* _What the exercise asks_:
Reproduce every line below exactly as written; do not include the images.

* _Collected material_:
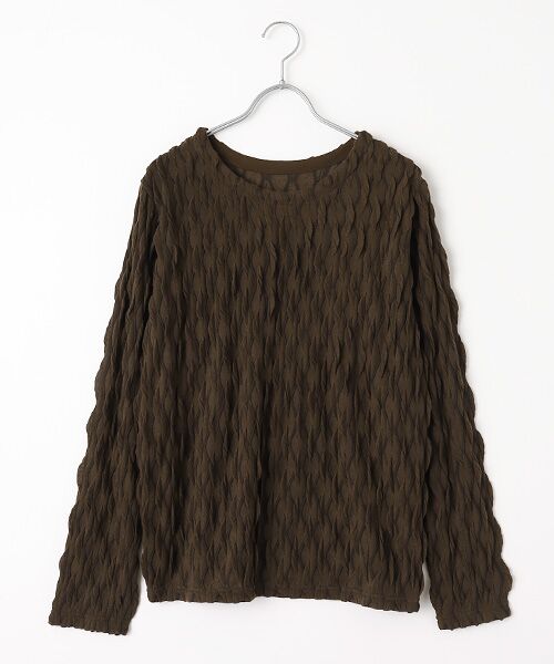 存在感のあるフリルジャガード素材でお作りしたロングスリーブTシャツ。一枚でもジレや羽織のインナーとしても大活躍してくれそうな商品です。●FABRICフリルの様な立体感のあるジャガード素材。肌触りも柔らかでウォーム感があるのが特徴です。
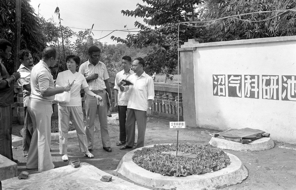 ↑ 1979年7月至8月,联合国环境规划署和中国国务院环境保护办公室在中国成都等地举办了为期近一月的沼气建设讲习班。参加讲习班的亚、非和拉丁美洲的18个国家的学员参观四川绵阳市农村的一个沼气池。新华社记者金勖琪摄
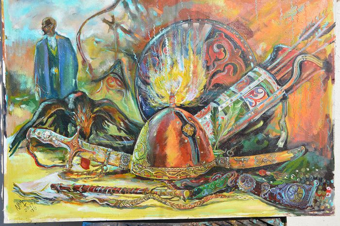 مىنە, سول ساتتەن باستاپ بولاشاق سۋرەتشىنىڭ مايدان تاقىرىبىنداعى سۋرەتتەرى سالىنا باستادى دەسە دە بولعانداي. العاشقى سۋرەتى «رەيحستاگ» دەپ اتالدى. قۇزعىنداردىڭ ۇياسىنىڭ قاۋساي قيراعان ءساتى. تورتكۇل دۇنيە تاعاتسىزدانا توسقان جەڭىستىڭ اتويلاعان كورىنىسى. سودان باستاپ ءبىر ادەمى قيال العا قاراي جەتەلەدى دە وتىردى. تۇلا بويلارىنان پاراسات لەبى, ورلىك پەن باتىرلىقتىڭ سورابى ايقىن اڭعارىلىپ تۇراتىن جامپوز جاۋىنگەرلەردىڭ ماڭگى ولمەس اسىل بەينەسى كەيىنگى ۇرپاقتى ءدال سونداي بيىك مۇراتتارعا جەتەلەسە, عانيبەت ەمەس پە؟!
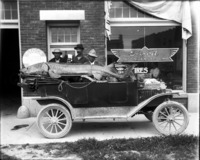1532 Sturgeon fished out of the Snake River; weight 330 Pounds, length 9 Feet 9 Inches. Caught by D.K. Frost, J.N. Jensen, F.C. Boone and Gus Williams; three men stand behind an automobile with a sturgeon covering the seats; in front of the Ford Motor Company located in the 100 block of Second Ave E.

* _Response_:
 存在感のあるフリルジャガード素材でお作りしたロングスリーブTシャツ。一枚でもジレや羽織のインナーとしても大活躍してくれそうな商品です。●FABRICフリルの様な立体感のあるジャガード素材。肌触りも柔らかでウォーム感があるのが特徴です。
 ↑ 1979年7月至8月,联合国环境规划署和中国国务院环境保护办公室在中国成都等地举办了为期近一月的沼气建设讲习班。参加讲习班的亚、非和拉丁美洲的18个国家的学员参观四川绵阳市农村的一个沼气池。新华社记者金勖琪摄
 مىنە, سول ساتتەن باستاپ بولاشاق سۋرەتشىنىڭ مايدان تاقىرىبىنداعى سۋرەتتەرى سالىنا باستادى دەسە دە بولعانداي. العاشقى سۋرەتى «رەيحستاگ» دەپ اتالدى. قۇزعىنداردىڭ ۇياسىنىڭ قاۋساي قيراعان ءساتى. تورتكۇل دۇنيە تاعاتسىزدانا توسقان جەڭىستىڭ اتويلاعان كورىنىسى. سودان باستاپ ءبىر ادەمى قيال العا قاراي جەتەلەدى دە وتىردى. تۇلا بويلارىنان پاراسات لەبى, ورلىك پەن باتىرلىقتىڭ سورابى ايقىن اڭعارىلىپ تۇراتىن جامپوز جاۋىنگەرلەردىڭ ماڭگى ولمەس اسىل بەينەسى كەيىنگى ۇرپاقتى ءدال سونداي بيىك مۇراتتارعا جەتەلەسە, عانيبەت ەمەس پە؟!
1532 Sturgeon fished out of the Snake River; weight 330 Pounds, length 9 Feet 9 Inches. Caught by D.K. Frost, J.N. Jensen, F.C. Boone and Gus Williams; three men stand behind an automobile with a sturgeon covering the seats; in front of the Ford Motor Company located in the 100 block of Second Ave E.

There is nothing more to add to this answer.